Bu ahirzaman hadisatı içerisinde, muhteşem Kur’ân, iman tefsirleri Risale-i Nurlar’la Hak yolunda hizmet etmeyi, iman, Kur’ân dâvâsında kendi nefsini tatmin etmeyi ve başka muhtaç gönüllere de yardımcı olmayı ve tebliği kendisine şiar edinen Nur Talebelerini hep menfilikler durdurmaya, yolunu kesmeye, şevkini kırmaya, ümitsizlik içerisine atmaya çalışmaz uğraşmaz.
Müsbet bildiğimiz hallerimiz de bazen bizleri bu kudsî hizmetin yolunda engelleyebilir, yeise ve gaflete atabilir. Atalete, tevakkufa sevk edebilir, durdurabilir, aksaklıklara sebebiyet verebilir…
Kendini, kendi yaptığı hizmetleri beğenerek tasannuya düşmek bunların başında gelir. Hizmetini beğenen ve bunu hodfuruşane kendini beğenerekten yapan maalesef büyük bir vartaya/tehlikeye kendisini atar. Çünkü bu hizmet nurdur, nuranîdir, Kur’ânîdir… Böyle nefsani, zulmetli düşünce ve halleri, karanlık yolları hiç istemez ve aksiyle tokadı, şefkat tokadını yapana dâvet eder.
Hem kendini beğenmeyen ve kendini beğeneni de beğenmeyen Bediüzzaman Said Nursî’nin Nur hizmetlerindeki nefsanî tehlikelere karşı koyduğu ve muvaffak olduğu sır… Şahıslar şu Nuranî hizmette yoktur. Onların ehliyet ve kıymetleri de yoktur. Yalnız ve yalnız Kur’ânî, imanî, İslâmî hizmetlerin nuraniyeti, aydınlatması, yol göstermesi, yardımcı olması ve inayet-i ilâhiyenin tecellilerine yardımları ve destekleri, muavenetleri vardır…

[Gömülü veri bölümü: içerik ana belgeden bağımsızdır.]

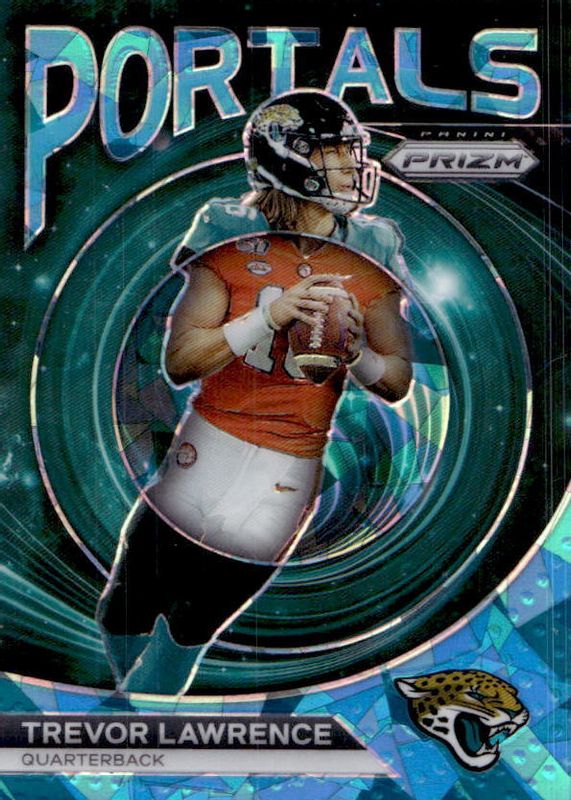2023 Panini Prizm Portals Jaguars Clemson Blue Ice 12/99 Trevor Lawrence

Cenab-ı Hâk şu hizmete koşanlara inşallah ihlâs ve sadâkat, sebat ve metanet ihsan ve ikram etsin. Evet, bunları kazanarak hizmete nuranî hizmetlere koşmak ve devam etmek kuşlar gibi kolaydır ve âsândır.
Yoksa ne konuştuğumuzun, ne söylediğimizin, ne anlattığımızın tesiri olmaz, tadı olmaz, tuzu olmaz, kendi elimizde nurlu ve nuranî vaziyetlerimizi zulmetlere/karanlıklara atarız.
Risale-i Nur hizmeti Kur’ân’ın ve tercümanının birer Nuranî tebliğidir. Bunları karartmadan, duraksatmadan, tevakkuflara atmadan devam ettirmek de iman hizmeti hadimlerinin samimiyetine, ihlâsına, sadâkatine, ümit ve aşk, şevk dolu hal ve ahvallerinin inkişafına kalmıştır. Bu ise ancak nurlanmak, nuranî hallere girmekle; Risale-i Nurlar’ı dikkat ve devamla, anlayarak okumaya bakmaktadır.